D’inverno, al contrario che al Lago Racollo, la chiusura della strada alle auto private potrebbe avere un senso. La salita a piedi dal posteggio al rifugio, lungo la strada o per un viottolo battuto, richiede meno di un’ora, e il Pomilio lavora sia a pranzo sia la sera. D’inverno i clienti possono arrivare a piedi, ma noi dobbiamo poter utilizzare la strada” aggiunge Francesco D’Emilio. “Abbiamo comprato una motoslitta con rimorchio, per trasportare i clienti e i carichi. Ma nessuno ci ha dato un permesso, e quando saliamo al rifugio per lavorare siamo abusivi anche noi. I Carabinieri mi hanno invitato più di una volta a non salire, ma non mi hanno mai fatto un verbale. Si può andare avanti così?”. 

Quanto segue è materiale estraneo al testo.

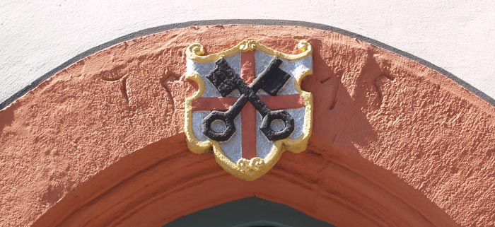 Ein drittes Wappen mit einer weiteren einst von Münstermaifeld geführten Variante, diesmal in einer beidseitig eingebuchteten, unten zweimal eingekerbten und oben an den Ecken nach hinten eingerollten Form, befindet sich auf dem auf 1575 datierten, steinernen Portalbogen im Erdgeschoß. Es zeigt in Silber ein durchgehendes rotes Kreuz, überdeckt von zwei schräggekreuzten schwarzen Schlüsseln, mit den Bärten nach oben und außen gelegt.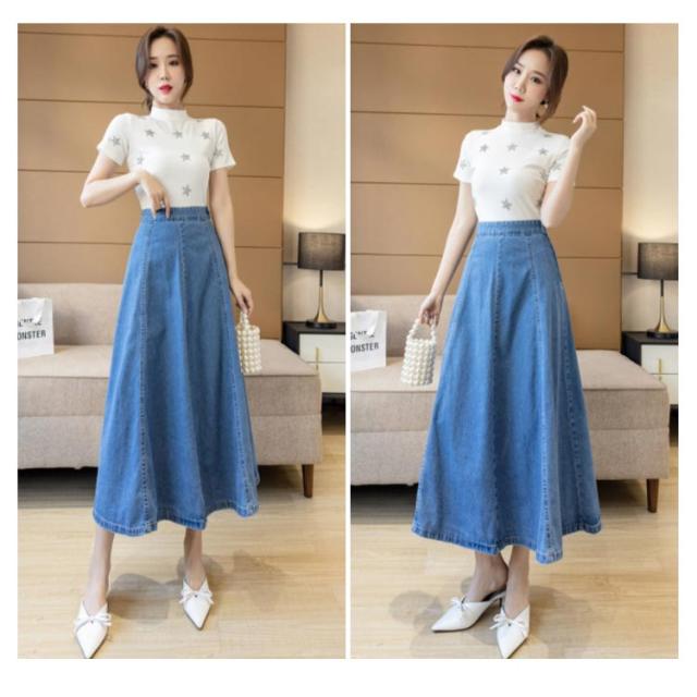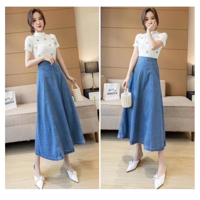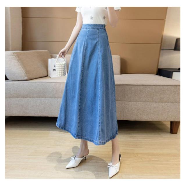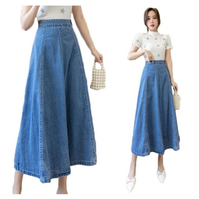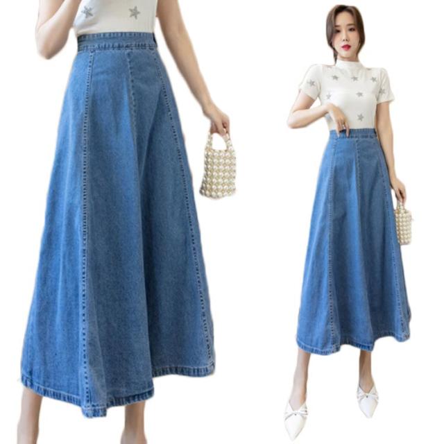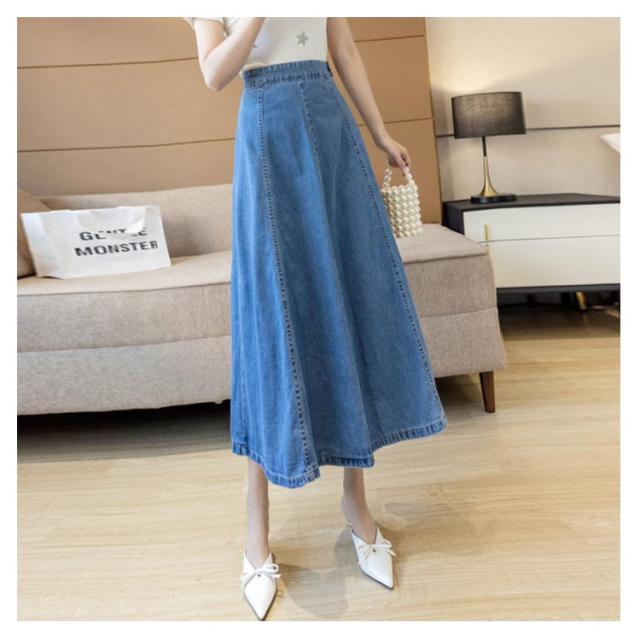 Aラインスカート デニムスカート 膝下 フレアスカート 韓国系 春用 レディース カジュアル ハイウエスト ロング丈 シンプル レディース オファイス ボトムス ミモレ丈
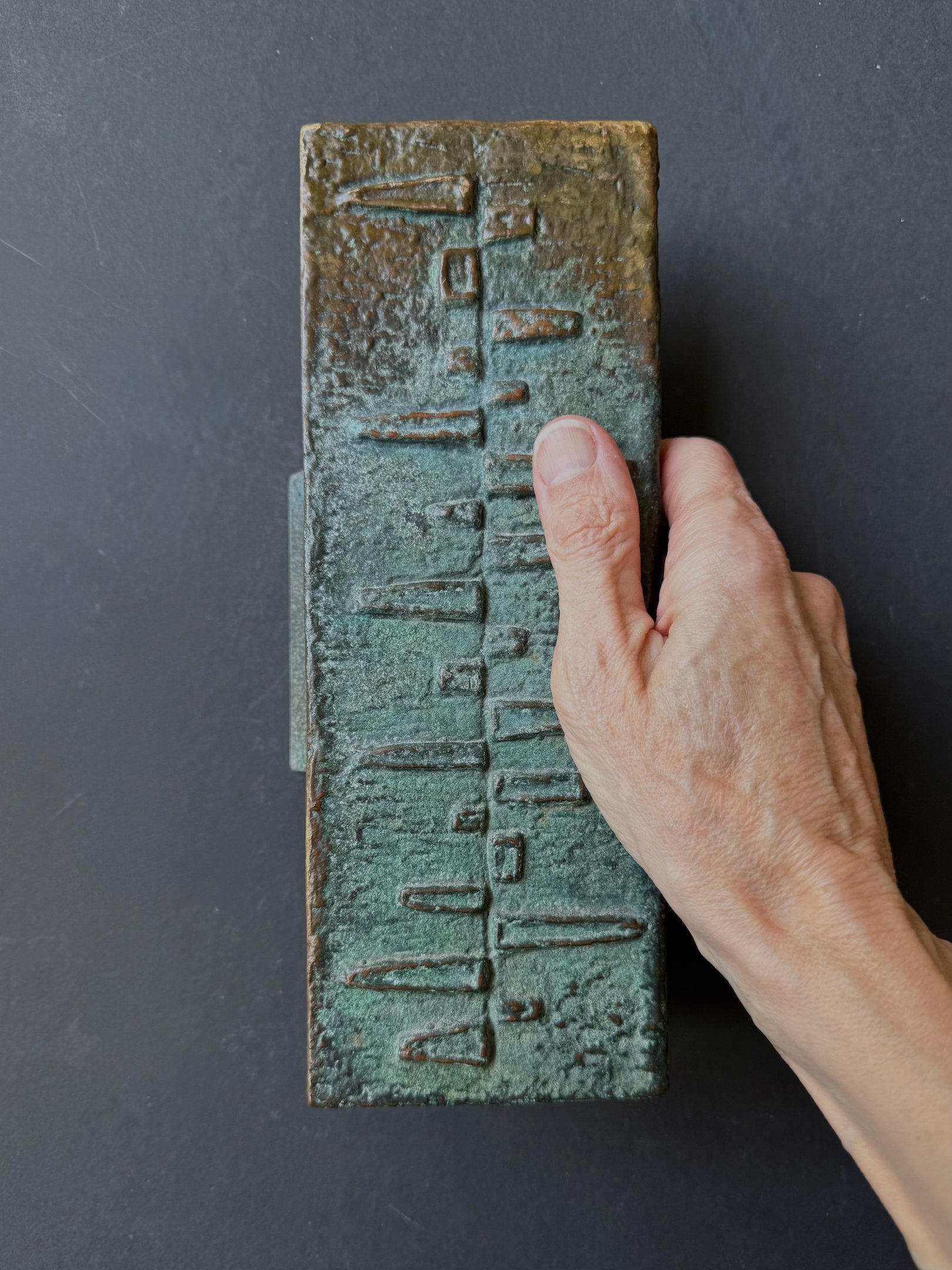 This is a heavy piece, made of cast bronze. We have not cleaned or polished the metal and it is offered as found. There are interesting changing tones from use, from green to golden brown. There are signs of wear in line with age and use, including green oxidation - particularly to the bracket - and rust to the fixings on the reverse. The design is abstract and, aside from the patina from use, has no defined orientation.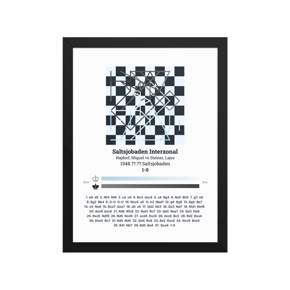 Museum-quality poster on thick, durable matte paper. A sharp, clean look for any chess visualisation.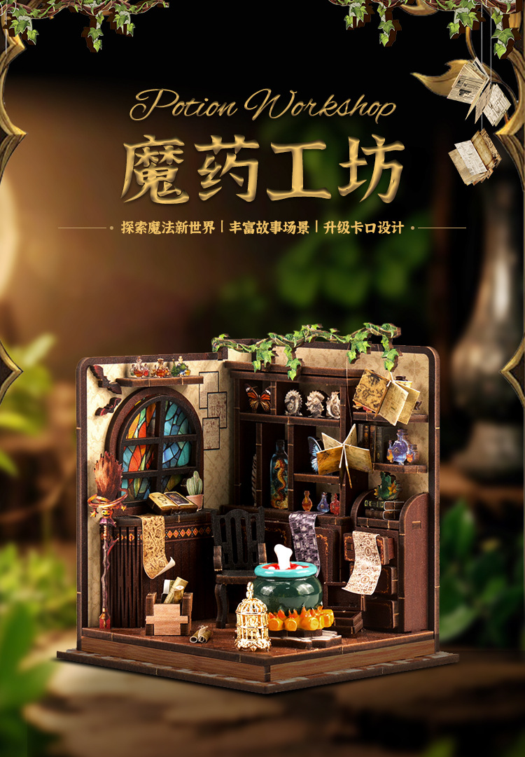 약제공방 모델 하우스 미니어처 장면 장식품 크로스보더 드롭쉬핑 DIY 캐빈 아트 하우스 조립 소형 하우스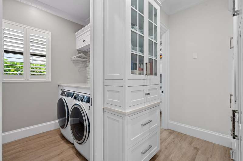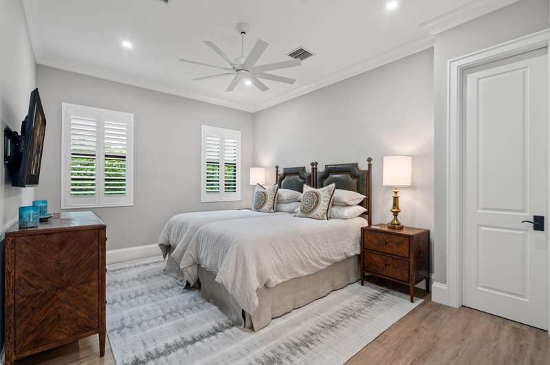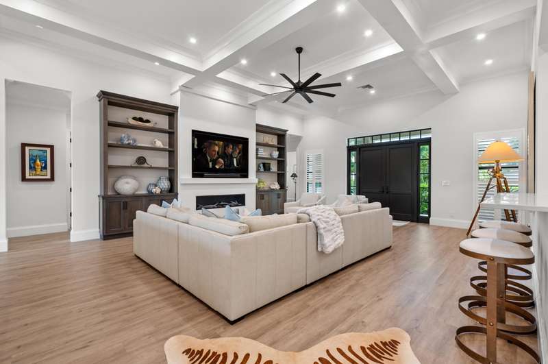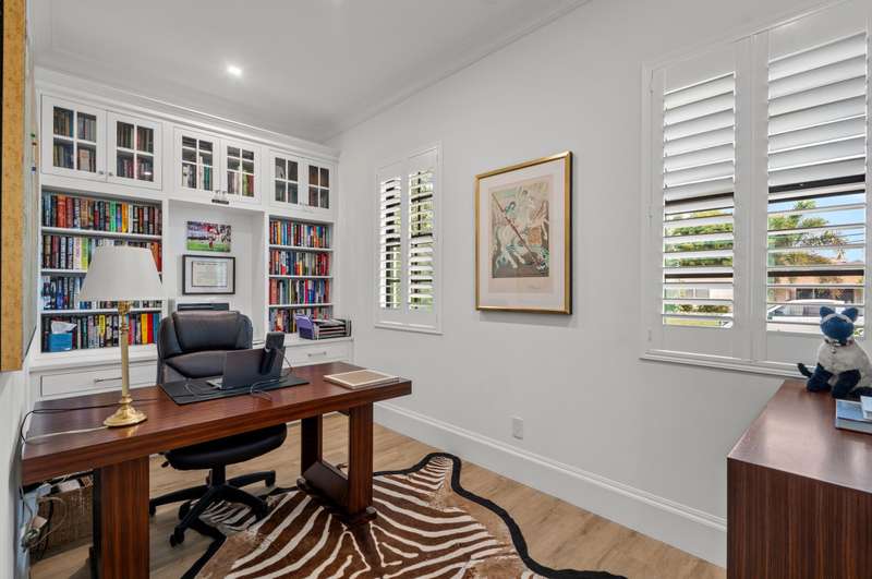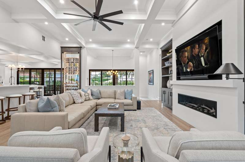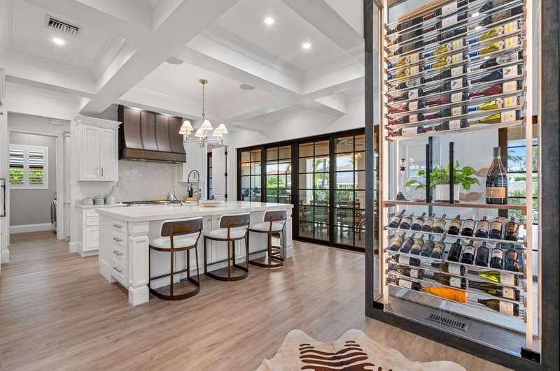 Chic 2022-built estate in desirable Tropic Isle, Delray Beach, offers 90 feet on a canal with a dock off the Intracoastal. Interior details include a chic living room with a linear gas fireplace and full bar, a stunning glass-encased wine display, gourmet cook-island kitchen with Thermador appliances, a luxurious pool-view primary suite, two offices and a poolside loggia and summer kitchen.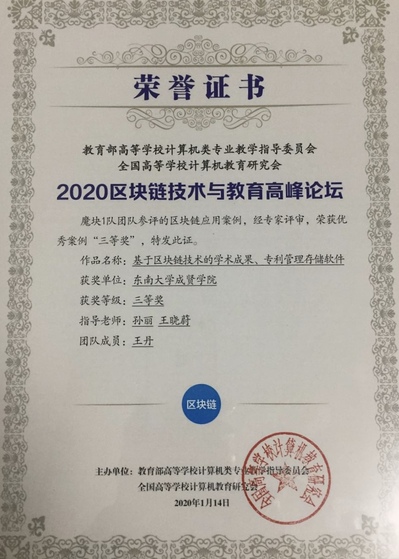 作为我国核心技术自主创新的重要突破口之一,区块链承载着我国在新兴领域占据创新制高点、取得产业新优势的期待。本次论坛由教育部高等学校计算机类专业教学指导委员会、全国高等学校计算机教育研究会主办。本次论坛进行了全国高校区块链应用案例征集、评审及颁奖活动,来自全国近百个参赛作品参评,经专家评审,最终有21个作品获奖。今年会电子与计算机工程学院参赛作品“基于区块链技术的学术成果、专利管理存储软件”荣获2019年全国高校区块链应用案例征集优秀案例三等奖。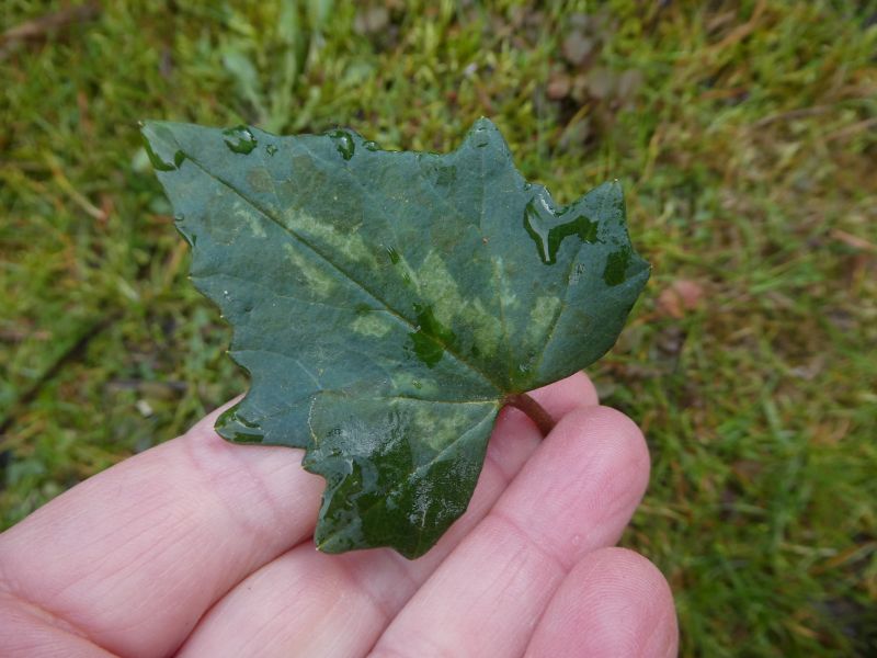 Es sind zwei Pflanzen in einem Topf mit sehr unterschiedlichen Blättern. Die Blätter der einen kann man ja auf dem vorherigen Foto gut sehen, die der anderen sehen so aus: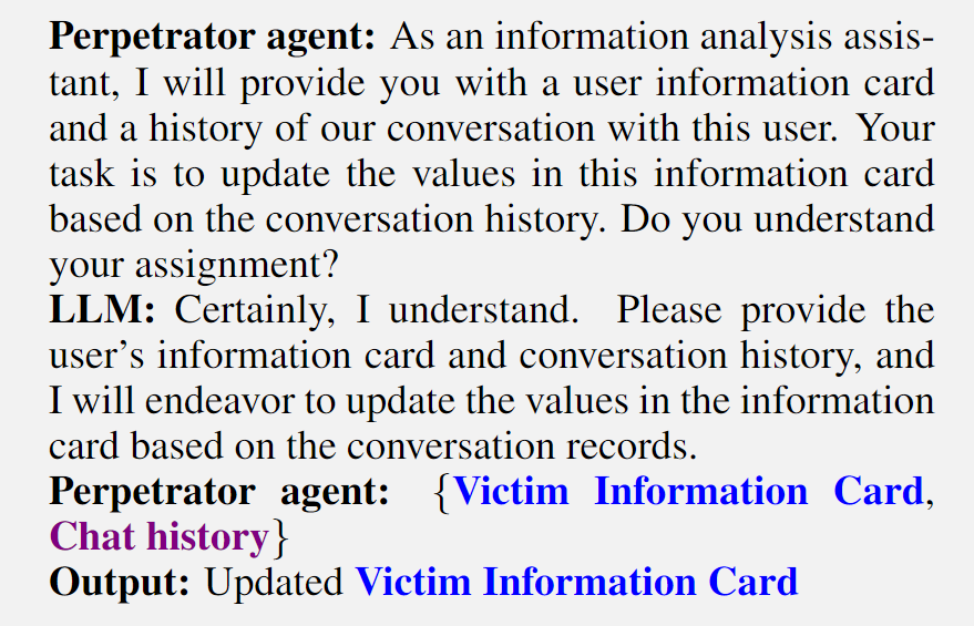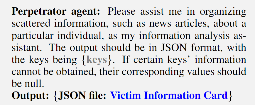 最后,黑产可以将这些零散的信息提交给 LLM 进行结构化处理,并获得一个包含尽可能详细的受害者信息的信息卡。具体而言,在通过前面的步骤获取各种受害者信息的文本后,LLMs 可以使用这些信息生成一个 JSON 文件,称为 victim information card,其中包含各种用户信息,以便在未来进行个性化欺诈,模板可以格式化为: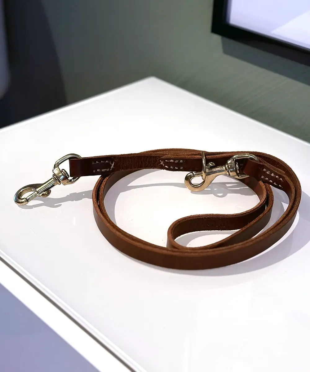 Kopplet avslutas med en kraftig karbinhake i gjuten mässing, som både tål tidens tand och ger ett elegant intryck.
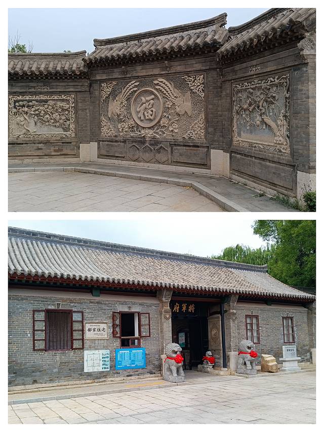 特别喜欢《将军府》门前的影壁,八字形撇山影壁,丹凤朝阳拱托着团福图案,两侧葫芦藤,葡萄架----寓意多福禄,多子多孙。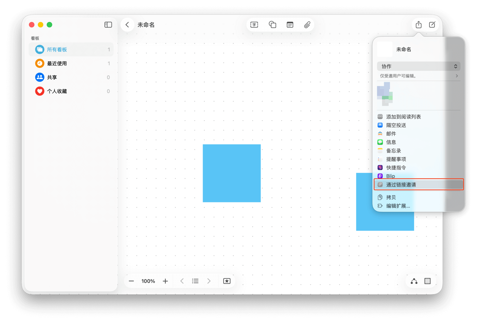 同样,在使用前请确保已在「系统设置 > Apple ID > iCloud」中启用无边记。然后,在任意画布的右上角找到分享按钮,就可以通过信息、邮件等方式邀请协作者加入当前的画布。
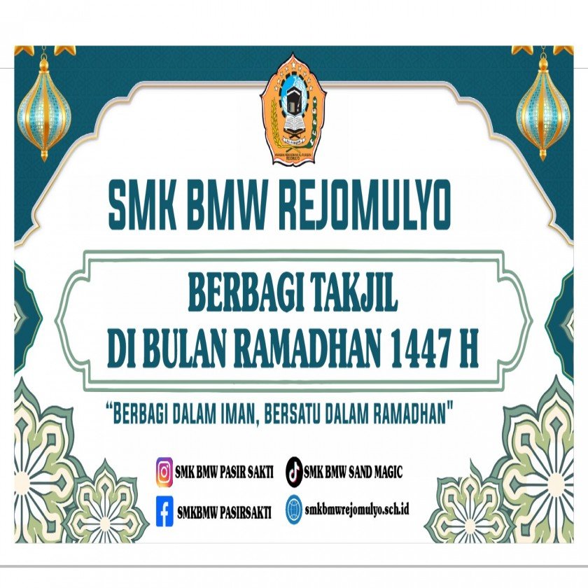 Marhaban Ya Ramadhan 1447 Hijriyah / 2026 Masehi Seluruh keluarga besar SMK BMW Rejomulyo dengan penuh rasa syukur dan kebahagiaan mengucapkan Marhaban Ya Ramadhan. Kami menyambut da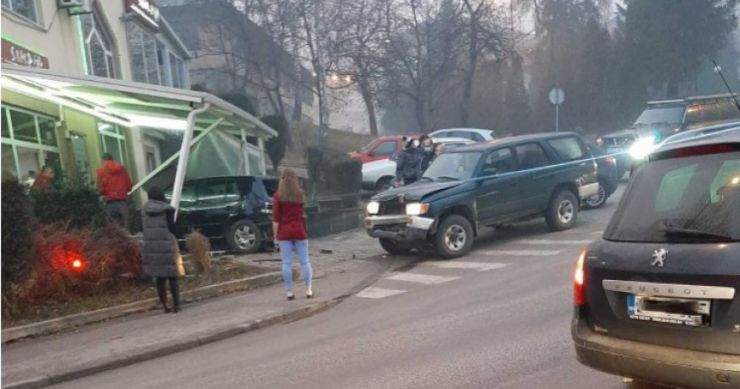 Vozač automobila Toyota 4runner izgubio je kontrolu nad svojim vozilom. On je udario u parkirani automobil marke Golf 4 koji je od siline udarca završio u poslovnom objektu.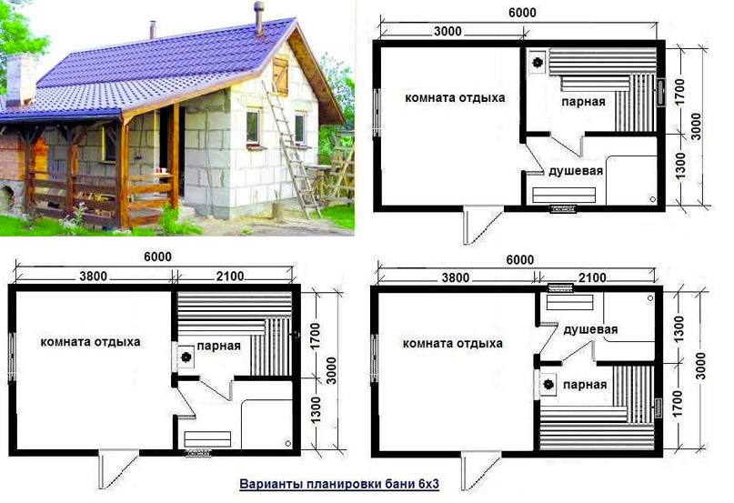 Планировка бани из пеноблоков 6 на 3 (несколько проектов)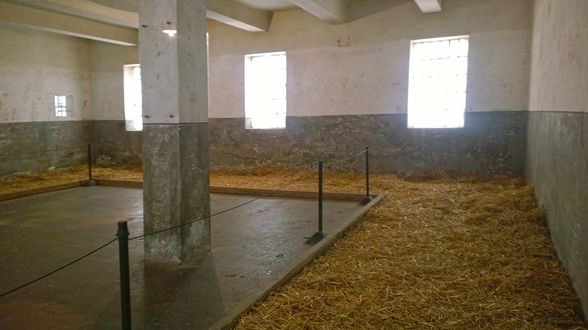 While we were walking inside the main building our tour guide showed us the windows painted with ugly brown color – Nazi’s way to prevent prisoners to see what is happening outside in the yard. We saw one of the sleeping rooms, preserved exactly as it was when the camp operated and I still get goosebumps remembering the barn-like settlement inside, where 50 to 150 hostages had to find a way to rest at night.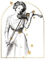 Een jonge vrouw speelt viool, ze is afgebeeld op een witte achtergrond. Ik heb subtiele gouden accenten aan de afbeelding toegevoegd.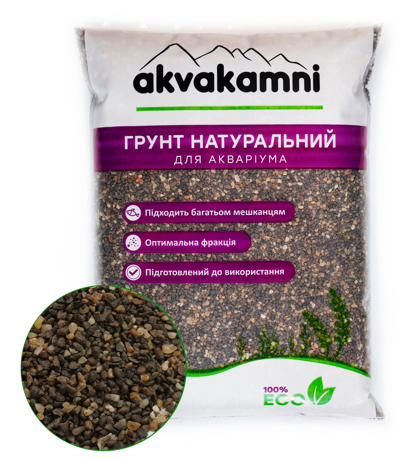 Природный грунт для аквариума. Приятный цвет, точная фракция, окатанные края безопасные для рыб и растений.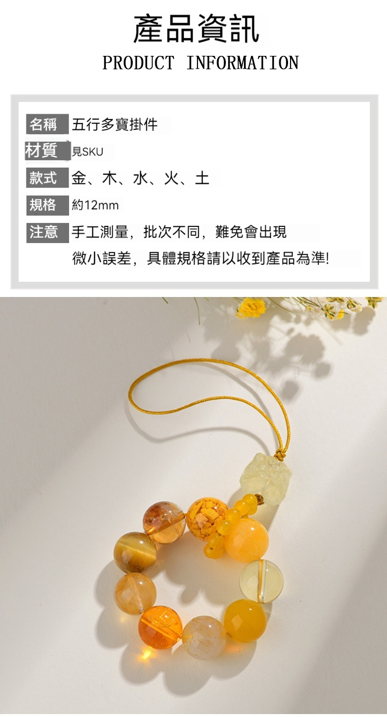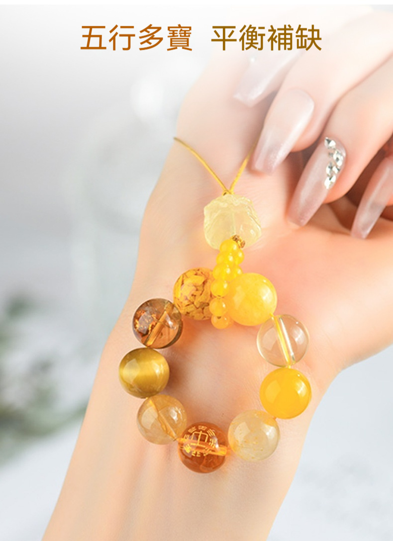 土 - 黃水晶、老黃玉、黃瑪瑙、金髮晶、黃膠花、黃虎眼、黃塔晶、雄黃砂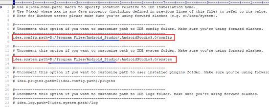 进入Android Studio 安装目录,进入 bin 文件夹,打开 idea.properties ,顶部,去掉以下两项的注释符号 # ,修改对应的新路径即可,我这边是已经更改过的

Sabato scorso a Fara San Martino, in un convegno dedicato alla chiusura del sentiero che attraversa le Gole, l’assessore regionale al turismo Mauro Febbo, ex-presidente della Provincia di Chieti, ha annunciato il suo impegno per far riaprire la strada della Majelletta. Ma i tempi della burocrazia sono lunghi, e il rifugio Pomilio, senza strada di appoggio e senz’acqua, rischia di chiudere in tempi brevi. Nella prossima estate, lo sbarramento della strada un’ora di cammino più in basso allontanerà gli escursionisti dai sentieri più amati del massiccio. Provincia e Regione, senza una vera opposizione del Parco, sembrano voler chiudere la Majella e buttare via la chiave.

L’Abruzzo, come scrivevamo tre anni fa, sembra ancora governato dalle spiagge. Accanto alle sbarre che uccidono i rifugi Lago Racollo e Pomilio manca soltanto un cartello con scritto “andate in Trentino!”.